# Malawi Mbuna Species identification



## ikonangelf (Jul 29, 2012)

Can anyone identify this Malawi Mbuna species? 
ALSO can you tell me if it's a male or female? (My OB Peacock just spit out fry who look exactly like this little one)


----------



## DJRansome (Oct 29, 2005)

Can't see the image.


----------



## Deeda (Oct 12, 2012)

I can see the pic but can't help on an ID, sorry.


----------



## noki (Jun 13, 2003)

Sorry, the fish looks really vague, doesn't look like anything in that pic.

Does the fish ever turn blue? The bars ever get distinct? Is there color or bars in the dorsal fin?


----------



## ikonangelf (Jul 29, 2012)

Well, it has an orange blaze along the top fin. Does get black stripes occasionally and is orange along the bottom. No striping on his tail fin.


----------



## ikonangelf (Jul 29, 2012)

For anyone's interest, I've been informed that this fish is a Labidochromis sp. Hongi Island. Subdominant males will normally display a drab brownish purple coloration with some orange or yellow highlights. I bought him at the same time I bought my other Hongi who is much more boldly colored.

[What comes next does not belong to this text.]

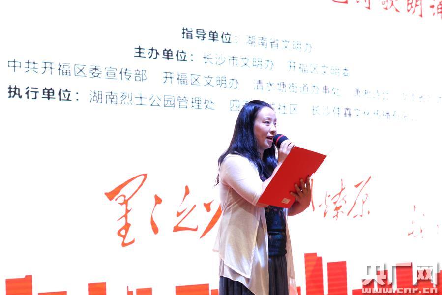 瀟湘詩(shī)會(huì) 夏至:在詩(shī)歌里傳承過(guò)往 央廣網(wǎng)長(zhǎng)沙6月28日消息(記者傅蕾 通訊員熊曉宇)在夏至過(guò)后、“七一”到來(lái)前的第一個(gè)周末,瀟湘詩(shī)會(huì)之24節(jié)氣夏至詩(shī)會(huì)?“光榮與夢(mèng)想”紅色詩(shī)歌朗誦會(huì)在長(zhǎng)沙烈士公園舉行。夏為大、至為極,在一年之中陽(yáng)光最充足的節(jié)氣里,陶笛悠揚(yáng),詩(shī)意濃濃,感念著先烈的鐵肩赤膽,所有的情感正完美地開(kāi)放。 光榮:讓陽(yáng)光照射進(jìn)深水 “攜來(lái)百侶曾游/憶往昔崢嶸歲月稠/恰同學(xué)少年/風(fēng)華正茂/書(shū)生意氣/揮斥方遒/指點(diǎn)江山/激揚(yáng)文字/糞土當(dāng)年萬(wàn)戶侯/曾記否/到中流擊水/浪遏飛舟! 來(lái)自開(kāi)福區(qū)清水塘街道四季花城社區(qū)的四位小朋友用稚嫩的聲音重復(fù)著偉人近百年前的壯語(yǔ),拉開(kāi)了今天瀟湘詩(shī)會(huì)的序幕。1921年的七月,南湖蕩漾,一個(gè)巨人破天而出。時(shí)光流轉(zhuǎn),在建黨九十六周年之際的烈士公園,一首首詩(shī)歌勾勒出英雄的吶喊與沉默,穿過(guò)時(shí)光漫漫,像陽(yáng)光照射進(jìn)深水,映射出無(wú)上光榮。 “你是萬(wàn)民景仰的長(zhǎng)者/你是頂天立地的英雄/橫刀立馬/氣壯山河/你用鋼鐵鑄就輝煌人生......”一首由長(zhǎng)沙市劉少奇故里管理局局長(zhǎng)、劉少奇紀(jì)念館館長(zhǎng)、詩(shī)人羅雄寫(xiě)下的《在彭德懷塑像前》,呈現(xiàn)出一個(gè)有血有肉、有情有義的彭老總。 湖南師范大學(xué)的本科在讀學(xué)生余楨旎一襲紅裙讀著毛澤東的《七律?長(zhǎng)征》,感念出革命先輩的艱辛與樂(lè)觀,“詩(shī)人就是詩(shī)人,他永遠(yuǎn)會(huì)用黑色的眼睛去尋找光明,所以不管環(huán)境多艱難,局勢(shì)多危急,他的詩(shī)中永遠(yuǎn)有著革命樂(lè)觀主義精神。” 一首首詩(shī)歌頌揚(yáng)烽火革命年代里的純真與壯闊,正如瀟湘詩(shī)會(huì)總策劃、詩(shī)人胡述斌所闡釋?zhuān)盀t湘詩(shī)會(huì)創(chuàng)辦至今31年,一直都在堅(jiān)持弘揚(yáng)主旋律、傳播正能量、贊頌真善美的定位! 傳承:在時(shí)光的詩(shī)行里對(duì)話 詩(shī)歌傳遞著先烈的故事與精神,讀詩(shī)人在字里行間感念過(guò)往,彷佛穿越了歲月長(zhǎng)廊,聽(tīng)見(jiàn)了歷史云煙里先輩們的訴說(shuō)低喃。 剛剛從砂子塘泰禹小學(xué)畢業(yè)的向昕宇在詩(shī)會(huì)上朗誦了一首《絲路張騫》,“你明白/你是大漢人/你應(yīng)有鐵血男兒的意志與不屈/應(yīng)該承擔(dān)起統(tǒng)一天下掃盡匈奴的責(zé)任……”飽滿的情緒、穩(wěn)重的臺(tái)風(fēng),個(gè)頭小小的他,卻好像讓現(xiàn)場(chǎng)的詩(shī)友們看到了漫天黃沙中一騎一鞭一行囊的使者張騫。 向昕宇說(shuō):“張騫排除萬(wàn)難最終見(jiàn)到了日夜思念的龍顏,展現(xiàn)了他對(duì)國(guó)家的一片忠心,我覺(jué)得非常勵(lì)志,也能給我們以正能量,教會(huì)我們堅(jiān)持、排除艱險(xiǎn)。” 讀詩(shī)人從詩(shī)歌里傳承過(guò)往,詩(shī)會(huì)的主辦方也一直在堅(jiān)持著對(duì)詩(shī)歌本身的傳承。成立于1986年5月的瀟湘詩(shī)會(huì),曾在1990年受到“下海熱”的沖擊,“人們的心思難以聚集在詩(shī)歌上,沒(méi)有人再去主動(dòng)組織詩(shī)會(huì),”胡述斌感到痛心又無(wú)奈,“但是在我心里,湖南詩(shī)歌的火種并未熄滅。” 時(shí)間會(huì)證明詩(shī)的魅力。從今年年初開(kāi)始的24節(jié)氣雨水主題詩(shī)會(huì)到今天的夏至詩(shī)會(huì)“光榮與夢(mèng)想”紅色詩(shī)歌朗誦會(huì),瀟湘詩(shī)會(huì)今年已連續(xù)成功舉辦了十場(chǎng),每舉辦一次,就會(huì)有更多的人加入,現(xiàn)在整個(gè)團(tuán)隊(duì)已經(jīng)有上百人。 會(huì)場(chǎng)上,志愿者們忙碌不停,擺水、調(diào)音、引導(dǎo)……“大家都樂(lè)意做‘詩(shī)歌義工’,這是因?yàn)橛幸环N詩(shī)情在我們血液中涌動(dòng),”胡述斌說(shuō),“他們的服務(wù)一方面出于愛(ài)好,更多的是為了詩(shī)歌藝術(shù)的傳承,F(xiàn)在詩(shī)會(huì)活動(dòng)的舉辦單位不斷下移,也是為了讓詩(shī)歌不斷接地氣,走向民間,成為一種民間行動(dòng)! 在胡述斌看來(lái),瀟湘詩(shī)會(huì)里沒(méi)有所謂主角、主編、大腕,來(lái)自協(xié)會(huì)、社區(qū)、政府,各行各業(yè)的人一起讀詩(shī)、品詩(shī),感受詩(shī)歌的魅力,聽(tīng)見(jiàn)詩(shī)句里的真實(shí)與美好,善良與向上,每個(gè)人都是詩(shī)歌的“寵兒”。 在湖南吟誦學(xué)會(huì)會(huì)員雷燁吟唱毛澤東著名詩(shī)詞《卜算子?詠梅》的時(shí)候,臺(tái)下來(lái)自四季花城社區(qū)的居民們也在跟著輕聲哼唱。 “讓詩(shī)歌在大地上飛揚(yáng),那我們的文化才會(huì)有傳承,人的心才能夠凝結(jié)起來(lái),”湖南吟誦學(xué)會(huì)副會(huì)長(zhǎng)兼秘書(shū)長(zhǎng)曹琴女士說(shuō),“我們都應(yīng)該做有文字情懷的人! 夢(mèng)想:二十一世紀(jì)通天大道 “一個(gè)民族壓抑了兩百年的夢(mèng)/在黎明破曉前/即將到來(lái)/18顆紅星閃爍的星星啊/照耀我中華民族直面風(fēng)暴/走向偉大復(fù)興的通天大道……” 詩(shī)歌不僅僅是傳承,更寄托著無(wú)數(shù)的憧憬,蘊(yùn)藏著詩(shī)人一個(g

Thank you to all for taking a look and attempting to help.


----------



## frdimitry00 (Dec 26, 2015)

could you help me to identify this mbuna male

DSC01586.JPG


----------



## Sinister-Kisses (Jul 19, 2013)

Hybrid.

Is there a reason you're posting in another member's thread?


----------



## Randymc5 (Dec 9, 2015)

Looks like yellow top mabamba


----------